I’ve been successful with the 6 step LSST Science Pipeline exercises provided through https://pipelines.lsst.io . All went well, even though I went through it two times so I could dig into the butler repository mechanics. As a DB specialist, I’ve gotta always research the details.
Okay, now I intend to attempt the same exercises through the so-called StackClub, employing Jupyter notebooks and GitHub:
Since I’m just getting started on this StackClub approach, can someone please advise if this path makes sense. Will I find an organized chronology in running the pipeline here?
Also, in my reading I picked up that there is a StackClub Slack workspace. Anything to be shared about this would be appreciated.
Thanks
Yes, as @ktl says this is the old “Butler” system. The new one is a complete rewrite whilst retaining many of the core concepts. We now support PostgreSQL and object stores which “gen2” did not do, and the new system allows much more dynamic creation of workflows.
butler.get and butler.put are more or less the same API but everything else is different.
You can search on community for some hints. See for example here.
Okay, Tim, thanks. I’ve cloned the StackClub Jupyter notebooks, went through the Get Started and Basics.
Know that I am trying to run these stand-alone on my Unix machine before any access via VPN, etc…
I progressed to the aft_table_guided_tour notebook. This notebook presumes I have a login and access to the /datasets/ and /project/ directories at the NCSA facility, which I do not at this time…I’m trying to run through the Jupyter notebooks stand-alone before taking this step.
So, here is my question.
Tim, do you know if I can download a zip or tarball that contains the test data/directories for use with these notebooks? Even though I’ve cleverly substituted elements from Steps 1 - Step 6 of https://pipelines.lsst.io , I’d really like to get the actual data that is referenced by the Jupyter notebooks to get the proper benefit from my stand-alone exercises.
Fred klich
Dallas
I’m not involved in stack club so can’t really answer that.
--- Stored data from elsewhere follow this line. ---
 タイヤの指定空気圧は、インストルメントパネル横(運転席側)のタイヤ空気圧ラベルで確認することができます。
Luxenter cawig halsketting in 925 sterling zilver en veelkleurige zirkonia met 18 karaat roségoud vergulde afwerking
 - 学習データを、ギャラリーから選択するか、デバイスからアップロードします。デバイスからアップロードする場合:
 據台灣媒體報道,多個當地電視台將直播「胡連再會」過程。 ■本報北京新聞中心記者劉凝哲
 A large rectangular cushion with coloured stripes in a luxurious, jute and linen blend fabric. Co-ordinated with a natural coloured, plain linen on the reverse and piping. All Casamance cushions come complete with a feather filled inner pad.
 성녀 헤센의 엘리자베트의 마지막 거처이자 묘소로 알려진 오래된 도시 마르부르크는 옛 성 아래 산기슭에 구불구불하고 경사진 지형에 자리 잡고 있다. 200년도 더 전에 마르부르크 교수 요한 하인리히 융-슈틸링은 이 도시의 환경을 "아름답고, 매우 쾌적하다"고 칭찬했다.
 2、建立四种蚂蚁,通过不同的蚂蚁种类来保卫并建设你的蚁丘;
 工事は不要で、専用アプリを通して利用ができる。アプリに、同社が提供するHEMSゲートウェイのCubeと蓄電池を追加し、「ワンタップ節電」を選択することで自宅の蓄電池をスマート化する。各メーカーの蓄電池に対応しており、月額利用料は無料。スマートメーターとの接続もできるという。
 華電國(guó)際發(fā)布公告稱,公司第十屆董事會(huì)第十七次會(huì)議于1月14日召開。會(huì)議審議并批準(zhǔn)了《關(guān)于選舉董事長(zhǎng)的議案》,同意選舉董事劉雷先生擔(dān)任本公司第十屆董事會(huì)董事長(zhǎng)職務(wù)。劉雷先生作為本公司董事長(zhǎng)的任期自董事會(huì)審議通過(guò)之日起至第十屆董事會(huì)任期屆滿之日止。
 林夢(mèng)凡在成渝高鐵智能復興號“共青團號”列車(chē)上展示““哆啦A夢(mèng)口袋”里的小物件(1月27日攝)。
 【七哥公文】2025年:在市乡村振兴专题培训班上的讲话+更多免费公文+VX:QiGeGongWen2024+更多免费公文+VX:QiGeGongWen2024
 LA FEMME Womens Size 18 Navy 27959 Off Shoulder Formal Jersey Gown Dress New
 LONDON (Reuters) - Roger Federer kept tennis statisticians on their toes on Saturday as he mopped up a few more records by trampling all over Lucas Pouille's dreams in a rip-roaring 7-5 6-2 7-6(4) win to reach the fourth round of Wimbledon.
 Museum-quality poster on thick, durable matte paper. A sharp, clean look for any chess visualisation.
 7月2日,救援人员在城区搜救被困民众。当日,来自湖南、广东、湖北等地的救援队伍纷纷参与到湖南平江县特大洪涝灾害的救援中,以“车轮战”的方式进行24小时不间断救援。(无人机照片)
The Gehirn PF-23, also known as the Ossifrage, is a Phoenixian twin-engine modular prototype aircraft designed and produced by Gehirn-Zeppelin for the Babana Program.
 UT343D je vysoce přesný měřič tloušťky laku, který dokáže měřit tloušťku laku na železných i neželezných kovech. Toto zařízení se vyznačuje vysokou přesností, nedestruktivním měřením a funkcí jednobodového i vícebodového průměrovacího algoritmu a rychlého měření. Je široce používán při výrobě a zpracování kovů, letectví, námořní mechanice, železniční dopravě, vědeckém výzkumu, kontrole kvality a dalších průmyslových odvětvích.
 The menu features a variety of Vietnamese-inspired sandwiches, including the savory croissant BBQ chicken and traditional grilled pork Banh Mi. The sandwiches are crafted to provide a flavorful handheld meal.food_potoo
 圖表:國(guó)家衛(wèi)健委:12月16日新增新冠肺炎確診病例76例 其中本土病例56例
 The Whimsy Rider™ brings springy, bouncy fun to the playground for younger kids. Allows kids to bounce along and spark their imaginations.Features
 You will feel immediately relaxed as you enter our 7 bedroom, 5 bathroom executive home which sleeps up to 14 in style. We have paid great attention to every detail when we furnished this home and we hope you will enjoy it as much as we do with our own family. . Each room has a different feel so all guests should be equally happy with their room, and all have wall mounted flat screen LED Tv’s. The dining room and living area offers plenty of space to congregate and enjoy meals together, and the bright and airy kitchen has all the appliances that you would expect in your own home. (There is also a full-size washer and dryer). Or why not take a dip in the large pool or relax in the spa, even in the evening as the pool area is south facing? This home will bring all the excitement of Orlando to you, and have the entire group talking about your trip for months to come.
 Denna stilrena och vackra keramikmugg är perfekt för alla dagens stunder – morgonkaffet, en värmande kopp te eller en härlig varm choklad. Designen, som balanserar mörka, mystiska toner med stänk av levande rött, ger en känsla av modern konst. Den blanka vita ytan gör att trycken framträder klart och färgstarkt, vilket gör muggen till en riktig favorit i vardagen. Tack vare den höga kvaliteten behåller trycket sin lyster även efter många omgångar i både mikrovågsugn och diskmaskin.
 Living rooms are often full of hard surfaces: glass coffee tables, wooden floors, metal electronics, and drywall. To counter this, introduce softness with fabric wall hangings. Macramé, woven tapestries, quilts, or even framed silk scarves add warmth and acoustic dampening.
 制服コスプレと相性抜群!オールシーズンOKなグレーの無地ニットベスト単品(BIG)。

Maybe @MelissaGraham has some pointers.
For the tutorial data in testdata_ci_hsc we have gen3 code that does do the equivalent processing and if you look at ci_hsc_gen3/SConstruct at master · lsst/ci_hsc_gen3 · GitHub you can see the gen3 commands in that file (butler create, butler register-instrument etc) to use to set up a repository with the test data. (if you clone ci_hsc_gen3 with the lsst_distrib and testdata_ci_hsc packages set up then you can run python $(command -v scons) -j 4 to setup a repo and run a pipeline). Pipeline execution is shown in the bin/pipelines.sh file in that repo.
Fingers crossed Melissa may have additional information.
Okay, Tim, I’m saving this message for downline reference. I figure that after I make my best-effort at the SlackClub Jupyter pipeline, I will return to exercise the Gen3 code you’re describing. Looking forward to it.
Appreciate you quick response.
Hello to @MelissaGraham
Yes, I plan to attend the repeat session tomorrow at 6pm CST.
I’m also replaying the 6 recorded StackClubCourse(s) at this link: GitHub - LSSTScienceCollaborations/StackClubCourse: Repository for course offered by the Stack Club .
I’m still holding on to my prior question. In reviewing the above Jupyter Notebooks, I see a minimal amount of externals refs to files, folders, Butler repositories and other artifacts just to accommodate a test runthrough of the Notebooks. My question is if “there is a zip of these supporting files” that I can use to run my own local set of these notebooks on my unix questions. After I finish the above 6 Sessions, I may reach out to Simon Krughoff to see if my question is logical…hoping not to make a pest of myself.
Thanks again Tim; hope you’re someplace “not so hot”.